Heel pain is in most cases caused by plantar fasciitis, heel pain is sometimes referred to as heel spur syndrome particularly when there is a spur, it is worth noting that heel pain can also be caused by a fracture, tendon problems, arthritis disease, or in rare situations by a cyst. Owing to numerous possible source of pain on the heel, it is good to have your heel pain examined by a reliable and experienced ankle surgeon for proper diagnoses, an experienced and skilled ankle surgeon is cable of identifying all potential possibilities and hence determining the source of your heel pain. Only a few people know about plantar fasciitis, it is swelling of the plantar fascia that link the heel to toes, the heel pain occurs when fascia is irritated and then inflamed leading to sharp, stabbing pain on the heel. This article provides you with some insights regarding causes, symptoms, diagnosis, and available non-surgical treatment of plantar fasciitis.

The primary cause of plantar fasciitis is poor foot structure, this is observed in people with flat feet, abnormal arched feet, or people with arches problems, plantar fasciitis can also develop because of using poor shoes on rigid flat surfaces because they put excessive pressure on the band tissue leading to plantar fasciitis, this is normally seen in people with a job that demand long hours of standing or obese people.
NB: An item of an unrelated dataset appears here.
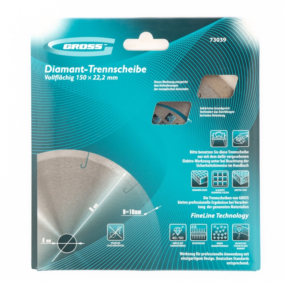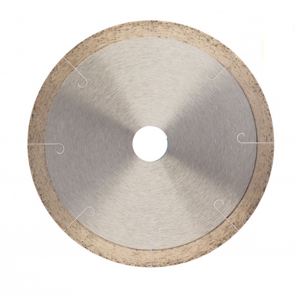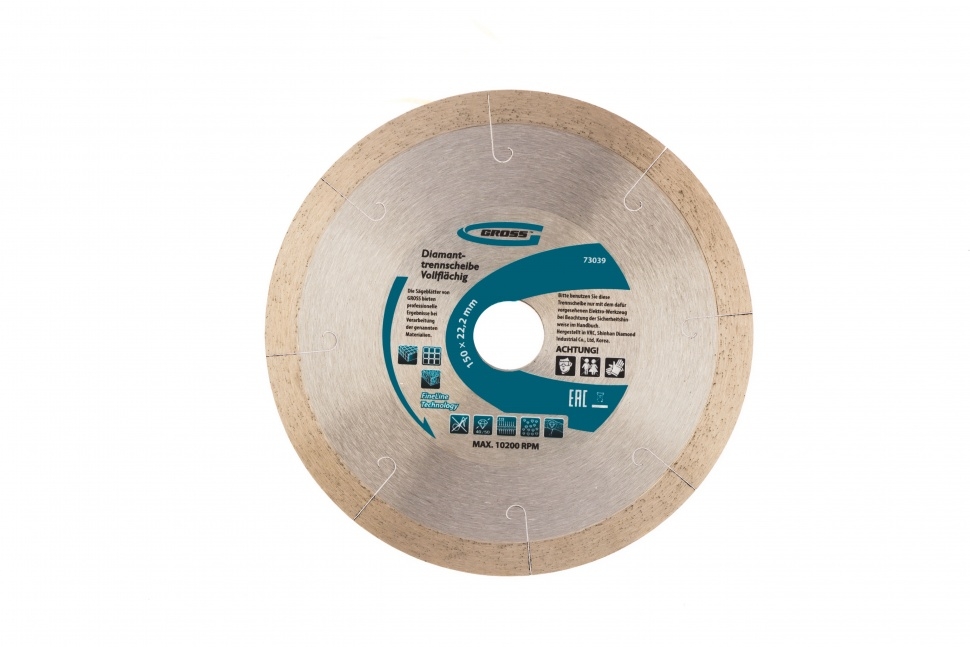 Сплошной алмазный диск Gross ф150х22,2 мм 73039 с лазерной перфорацией для мокрого резания используется в качестве расходника на УШМ или плиткорезах с посадочным размером 22,2 мм. Оптимальное соотношение серебра, кобальта и других качественных компонентов в металлической связке позволяет работать с гранитом, керамикой, керамогранитом, мрамором, натуральным и искусственным камнем. Метод мокрого шлифования подразумевает использование водяного охлаждения, что способствует снижению перегрева и эффективному отводу пыли.Преимущества Диск имеет большой ресурс, надежность и может использоваться профессионально, т.к. изготовлен по технологии горячего прессования. За счет сплошного типа диска обеспечивается качественный ровный срез без риска образования сколов. Высокая концентрация и крупный размер алмазов 40-50 мкм повышают скорость реза. Лазерная перфорация усиливает охлаждение диска, а значит, он легко выдерживает интенсивное использование. Режущая часть шириной 10 мм гарантирует стабильно высокую производительность

Some of the common signs of plantar fasciitis includes sharp and stabbing pain emanating from the lower part of the heel, arch pains, pain which worsen on standing, the pain increases over time, and swelling on the bottom of the heel. People suffering from plantar fasciitis explain that pain worsens on standing after sitting for a considerable amount of time, however, walking decreases the pain because it stretches the fascia.

To be diagnosed with plantar fasciitis, doctor obtains medical history and examines the foot feeling the pain, to make a final diagnosis the surgeon must rule out all other types of heel pain, the ankle surgeon may use imaging diagnostics such as x-rays to establish the type of heel pain you are experiencing, there are instances when a spur is present in a patient with plantar fasciitis, though rare it is a possibility, in such a situation the patient is diagnosed with plantar fasciitis or heel spur syndrome.

Some of the non-surgical treatment available to manage or treat plantar fasciitis includes stretches of calf muscles, avoiding walking barefoot, use ice, 20 min daily to reduce inflammation, you can use medications such as oral nonsteroidal anti-inflammatory drugs (NSAIDs), and use shoes that are designed with supportive arch.